My copy exceeds Crowther's number by almost 3000 because I do a poor job of clearing duplicates. If my settings are wrong in the "find duplicates" feature of ChessBase, I could lose some of the sixteen games mentioned in "A Glass of Scotch". The moves may be the same, but the players, dates, and a events differ. Duplication is part of the historical record. I've also corrupted enough databases to be wary of changing large databases beyond simply adding more games.

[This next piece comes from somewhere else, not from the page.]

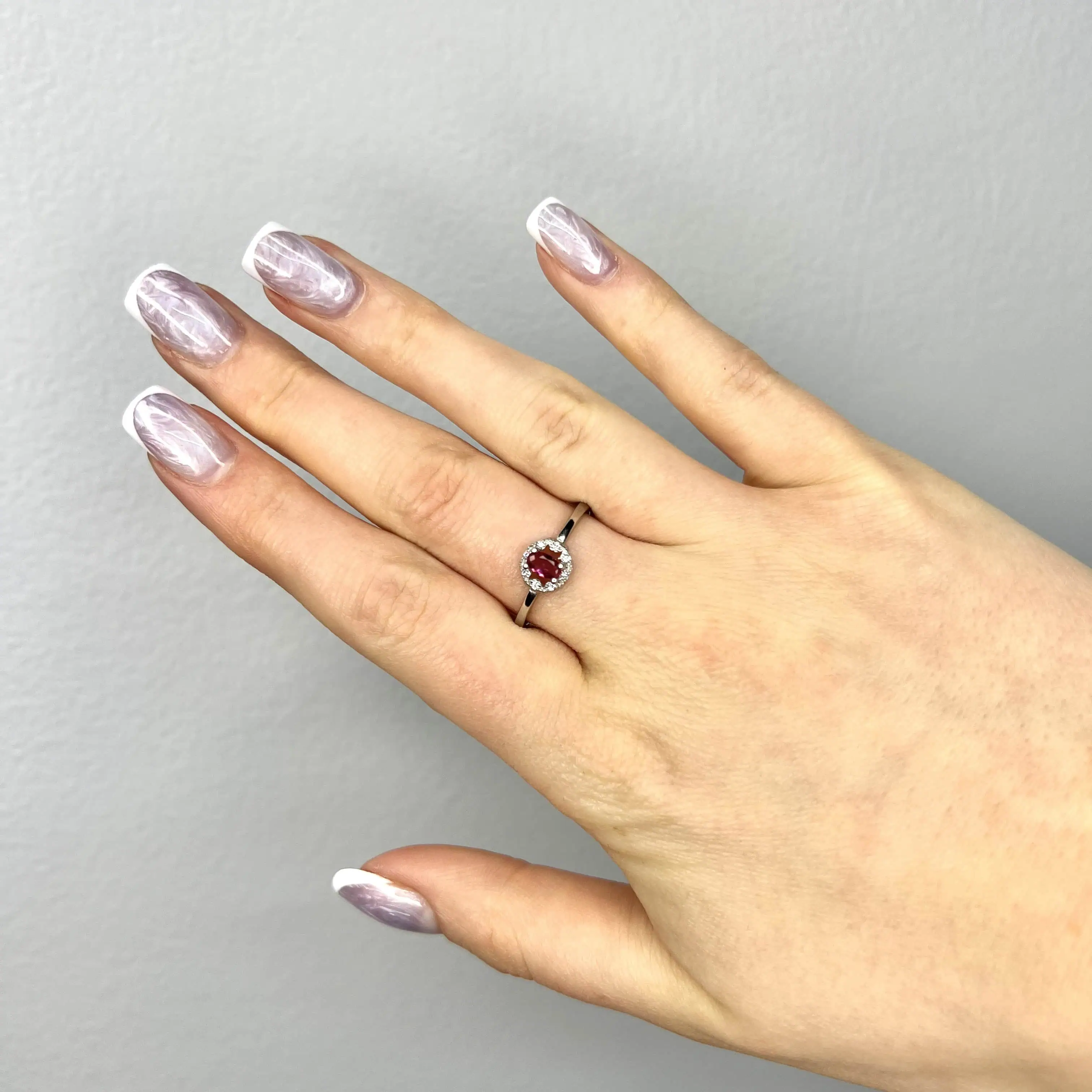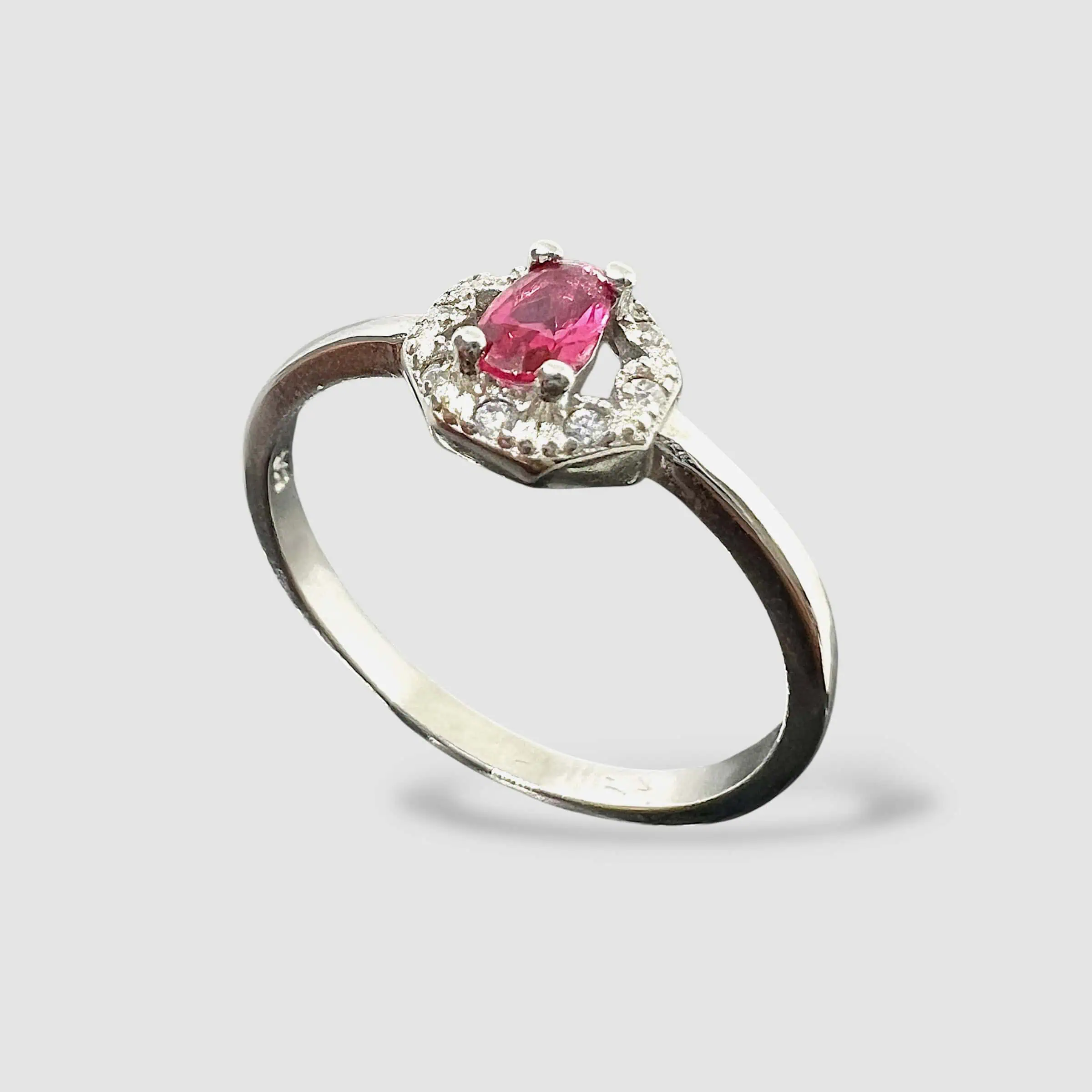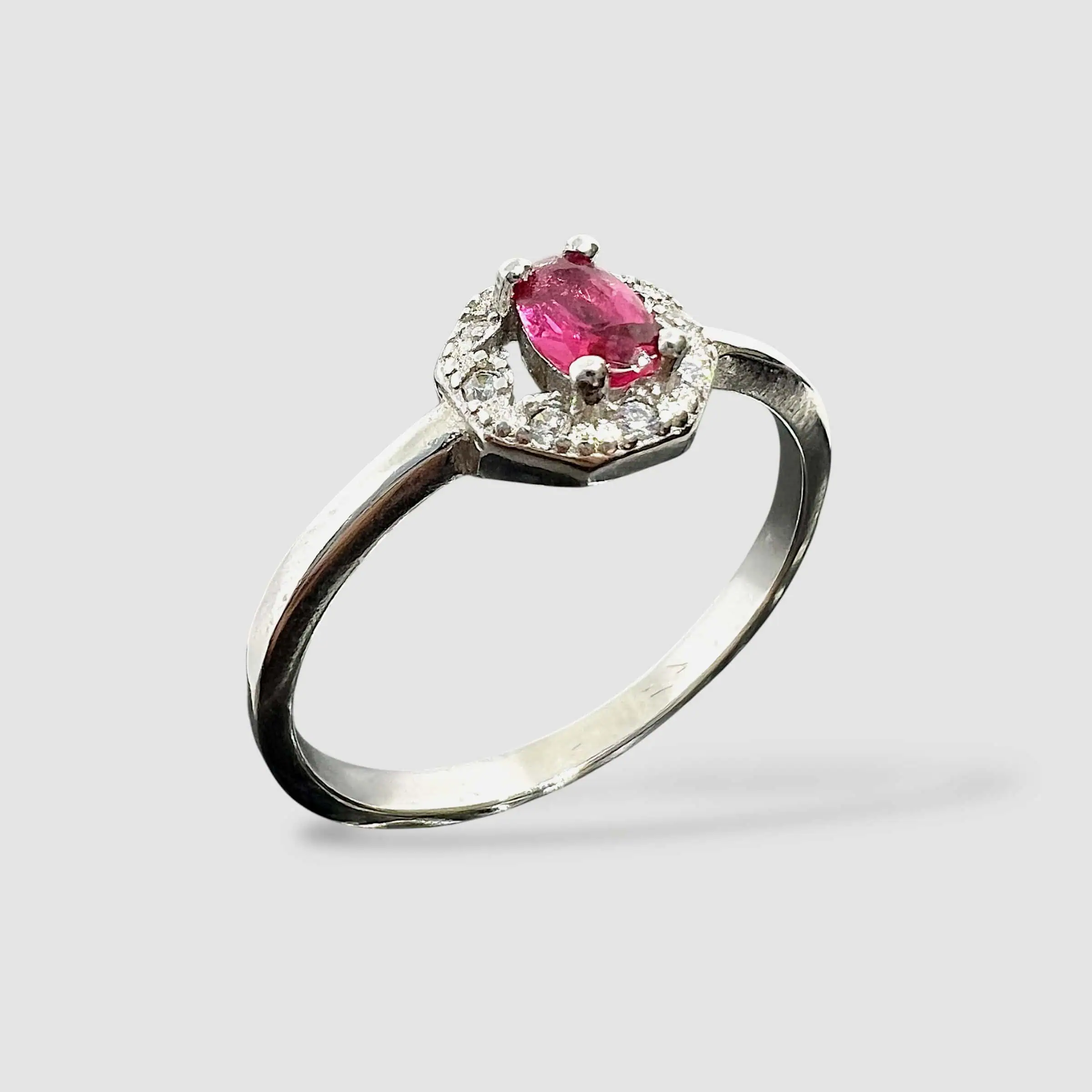 Ніжна срібна каблучка з овальним малиново-рожевим каменем у центрі. Тонкий обідок та делікатний німб із циркону білого кольору підкреслюють елегантність прикраси.

I've been using The Week in Chess since I first discovered it twenty years ago. Crowther gathers all the games from the most important tournaments. These are then made available free. Someone who purchases ChessBase and pays an annual fee for updates should be able to get the same games. ChessBase is getting them from Crowther, I suspect.

I prefer keeping ChessBase Mega as it came from ChessBase without modification, and then use TWIC for games played in the past few years.

04 August 2023

A Glass of Scotch

Isn't this a forced draw?
Ryan Ackerman

Computer moves.
Cam Leslie

Black to move
After 10.Ba3

After a game at the Spokane Chess Club where this position arose, there was some discussion among the top players, experts Ryan Ackerman and Cam Leslie. I looked up the position in ChessBase's iPhone app, finding quite a few games that followed Ackerman's recommendation.

10...Nb4! 11.Bb2

11.g3 has been played. The computer says Black is better, but White has managed to draw at the top levels.

11...Bg7 12.a3

12.f4 is another try the engine finds dubious where White managed to draw among players rated over 2400.

12...Nd5 13.Nd2 O-O 14.O-O-O Rfe8

White to move

15.Qf3 Nb6 16.Ne4 Bxe5

16...d5 would be a novelty, but also leads to a draw if players can find the engine's moves.

17.Bxe5 Qxe5 18.Nf6 Kf8 19.Nxe8 Qa1+

White to move

Checking The Week in Chess finds fifteen games that have followed this line, all drawn. This line may be a forced draw at the top levels, but a few inaccurate options for White could serve to complicate matters at the club level.

In my game from the diagram at the top of the post, my opponent played 10...Qe6. He resigned after 11.cxd5 cxd5 12.Qxa6

After returning home, I drank a glass of Scotch.